Dialogue throughout the novel mentions a terrorist group known as the World Christian Alliance (this timeline's equivalent of Al Qaeda) that uses the Rocky Mountains as its headquarters. It was also responsible for the terrorist attacks on November 9, 2001, when members crashed two hijacked planes into the Tigris and Euphrates World Trade Center Towers in Baghdad, another hitting the Arab Defense Ministry in Riyadh, and a fourth crashing after a struggle with the passengers in the Empty Quarter. It is not known who their leaders are or if they are aware of the mirage legend. The United Kingdom is this timeline's equivalent of Iran, having undergone a revolution in 1979. It is implied that Britain either never colonized India or that India became independent earlier than in our universe, since India appears to have fought in World War II on its own. During WW2, the UAS annexed the French North African Territories. The United Arab States is clearly stated to be the world's second-largest country by land area, which implies that Canada, like the United States, is also broken up into minor states. Latin America is not touched upon in the novel other than that Venezuela is an OPEC member that intervened in the Mexican Gulf War and that the Mexican state of Coahuila is a dependency of Texas. A Cold War analog, known as the "Cold Crusade", between the UAS and an Orthodox Union is mentioned. The major political parties in the United Arab States are the Arab Unity Party (the analog of the Democratic Party) and the Party of God, or POG for short (the analog of the Republican Party, often referred to as the "Grand Old Party" or GOP for short). Al Jazeera exists in this timeline as a Fox analogue with a morning talk show, called Jazeera and Friends.
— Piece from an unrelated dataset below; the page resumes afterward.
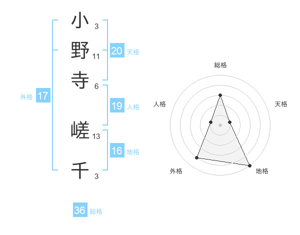 小野寺 嵯千さんを姓名の画数から五運を鑑定

Fox also exists in the mirage timeline, but it appears to be reduced to being a propaganda center of Christian fundamentalists.

==Reception==
Critical reception for The Mirage has been mixed, with Publishers Weekly saying that the book was "exactly what the best popular fiction should be." The New York Post stated, "Like Philip Roth's "The Plot Against America" – the premise behind Ruff's alternate-history novel is chilling." The San Francisco Chronicle called it "audacious new novel" and stated that the title "is studded throughout with delicious little alternate-world ironies concerning the war on terror and its various participants." Kirkus Reviews noted, "The writing is good, but the characters are hard to care about and the plot doesn’t feel properly resolved". The Seattle Times praised the "straightforwardness of Ruff's approach" and stated that it gave the book a "gravitas that serves as a nod of respect for what the United States, the Iraqis and the Afghanis farther afield have gone through." The Los Angeles Times criticized The Mirage by stating that Ruff's "premise is built on spectacle rather than believable fiction."

A number of reviewers have noted the novel's similarity to the premise of Philip K. Dick's The Man in the High Castle.

The Mirage was nominated for the Sidewise Award for Alternate History.